De acordo com Mateus:

«Disse-lhe Pedro: Ainda que sejas para todos uma pedra de tropeço, nunca o serás para mim. Declarou-lhe Jesus: Em verdade te digo que esta noite, antes de cantar o galo, três vezes me negarás. Replicou-lhe Pedro: Ainda que me seja necessário morrer contigo, de nenhum modo te negarei. Todos os discípulos disseram o mesmo.» (Mateus 26:33–35)
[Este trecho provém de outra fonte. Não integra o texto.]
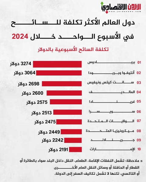 دول العالم الأكثر تكلفة للسائح في الأسبوع الواحد خلال 2024

Na mesma noite, Jesus foi preso. A primeira negação, para uma criada do sumo-sacerdote, foi relatada por Lucas assim:

«Prendendo-o, eles o levaram e introduziram na casa do sumo sacerdote; e Pedro ia seguindo de longe. Eles, tendo-se acendido fogo no meio do pátio, sentaram-se, e Pedro sentou-se no meio deles. Uma criada, vendo-o sentado ao lume, o encarou e disse: Este também estava com ele. Mas Pedro negou, dizendo: Não o conheço, mulher.» (Lucas 22:54–57)

A segunda negação, para a mesma criada, foi relatada por Marcos:

«e vendo-o a criada, tornou a dizer aos que ali estavam: Este é um deles. Mas de novo o negou.» (Marcos 14:69–70)

A terceira, agora para diversas pessoas, é mais enfática, pois acaba praguejando e jurando em falso. Em Mateus:

«Logo depois se aproximaram de Pedro os que ali estavam e disseram-lhe: Também tu és certamente um deles, pois até a tua fala o revela. Então começou a praguejar e a jurar: Não conheço esse homem (Mateus 26:73–75)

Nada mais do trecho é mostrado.